Twitter is not on the masthead of The New York Times. But Twitter has become its ultimate editor. As the ethics and mores of that platform have become those of the paper, the paper itself has increasingly become a kind of performance space. Stories are chosen and told in a way to satisfy the narrowest of audiences, rather than to allow a curious public to read about the world and then draw their own conclusions. I was always taught that journalists were charged with writing the first rough draft of history. Now, history itself is one more ephemeral thing molded to fit the needs of a predetermined narrative.
[….]
My own forays into Wrongthink have made me the subject of constant bullying by colleagues who disagree with my views.

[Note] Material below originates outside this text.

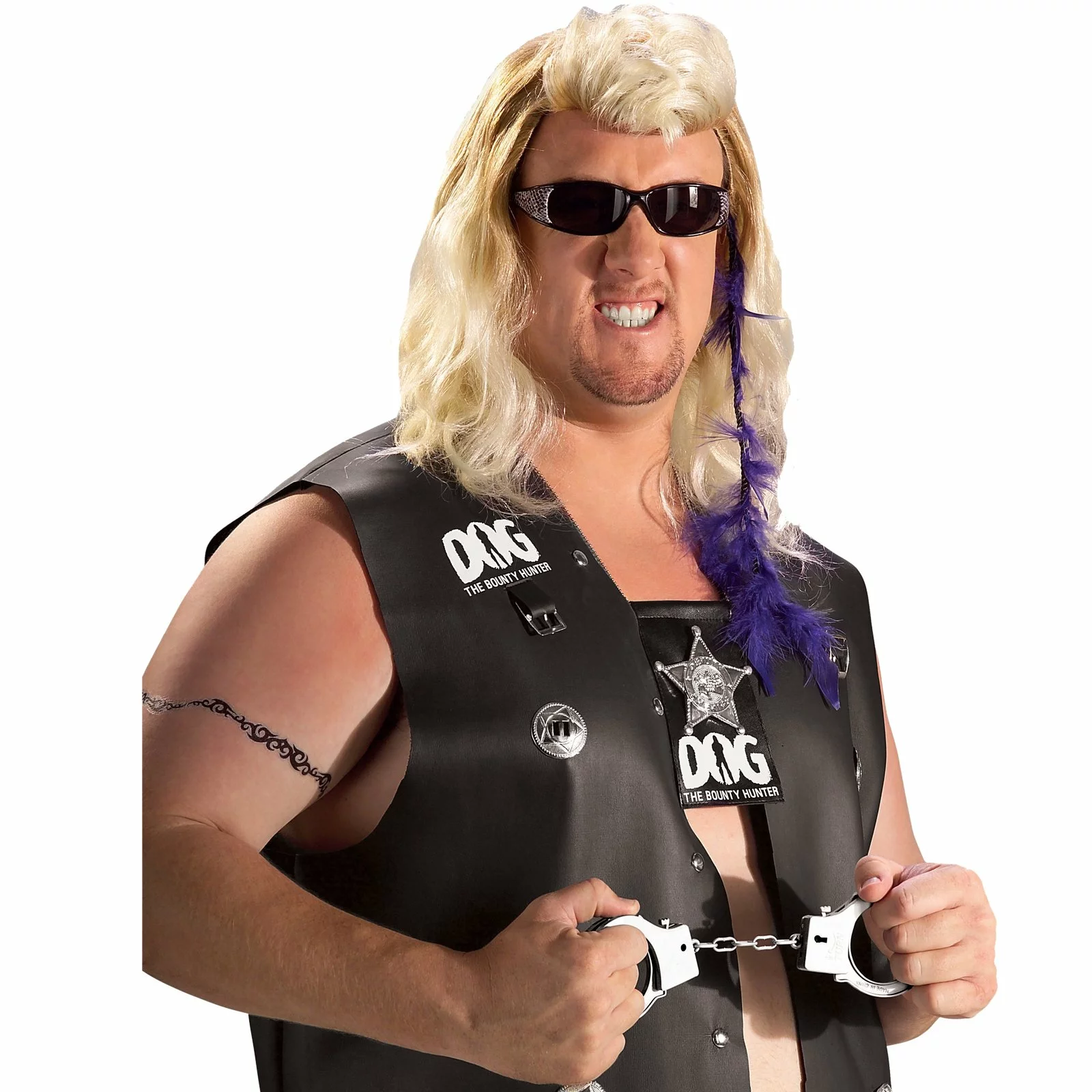 Duane “Dog” Chapman, the world famous bounty hunter. The Dog The Bounty Hunter – Dog Costume Kit includes white/blonde curly mullet wig, feathered hair clip, black sunglasses, badge on chain and plastic handcuffs.

They have called me a Nazi and a racist…
[….]
I do not understand how you have allowed this kind of behavior to go on inside your company in full view of the paper’s entire staff and the public. And I certainly can’t square how you and other Times leaders have stood by while simultaneously praising me in private for my courage. Showing up for work as a centrist at an American newspaper should not require bravery.

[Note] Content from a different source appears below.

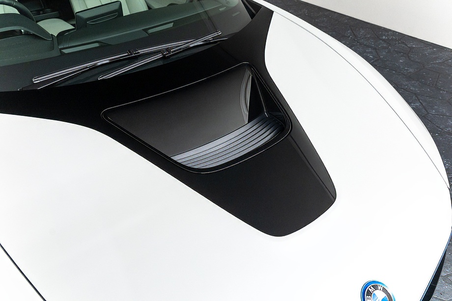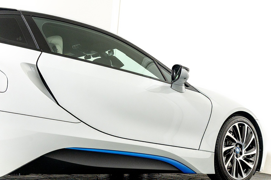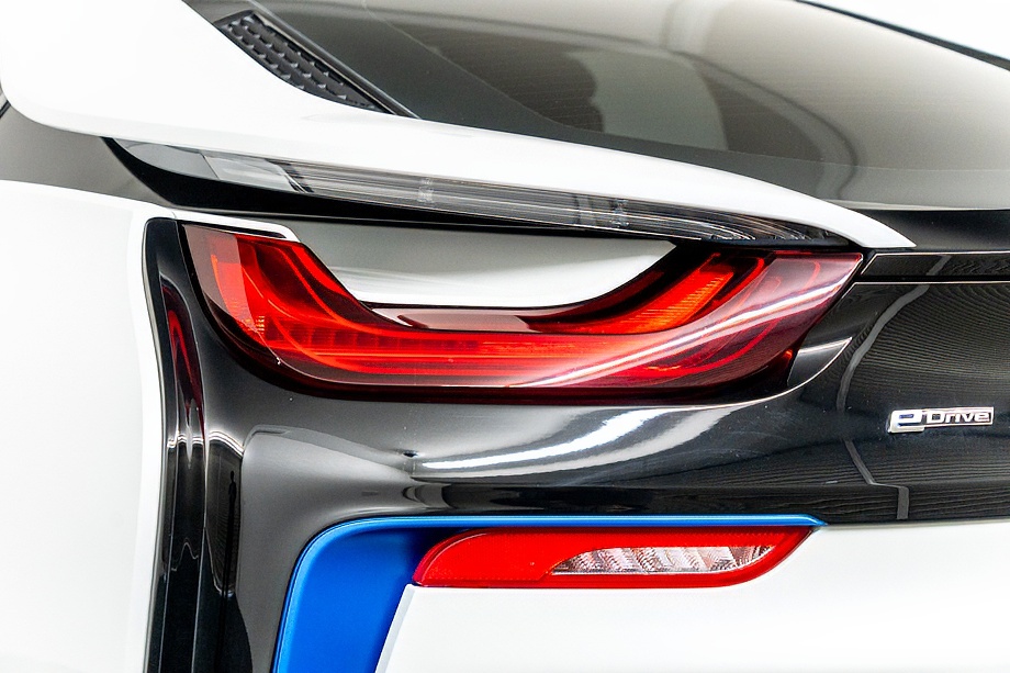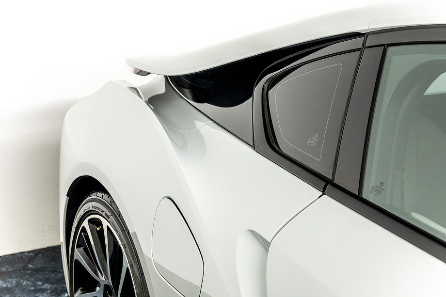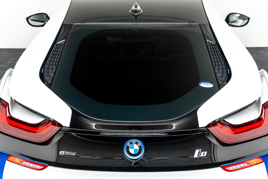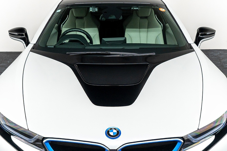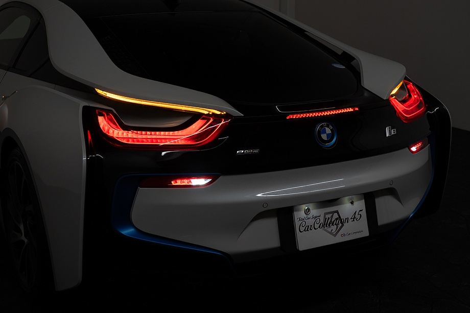 i8のフロントビューは極めて低くかつワイドであり、優れた俊敏性と卓越したエアロダイナミクスを物語ります!!ハイグロスブラック仕上げの特徴的なデザイン「ブラックベルト」は、ボンネット中央部でV字型に浮き上がり、U字型のLEDテールライトを備えたリアエンドへと繋がり、それはエクステリア一連のデザインを視覚的に締めくくる印象的なアクセントになっております!!

Part of me wishes I could say that my experience was unique. But the truth is that intellectual curiosity—let alone risk-taking—is now a liability at The Times. Why edit something challenging to our readers, or write something bold only to go through the numbing process of making it ideologically kosher, when we can assure ourselves of job security (and clicks) by publishing our 4000th op-ed arguing that Donald Trump is a unique danger to the country and the world? And so self-censorship has become the norm.
Keep reading, it gets even better.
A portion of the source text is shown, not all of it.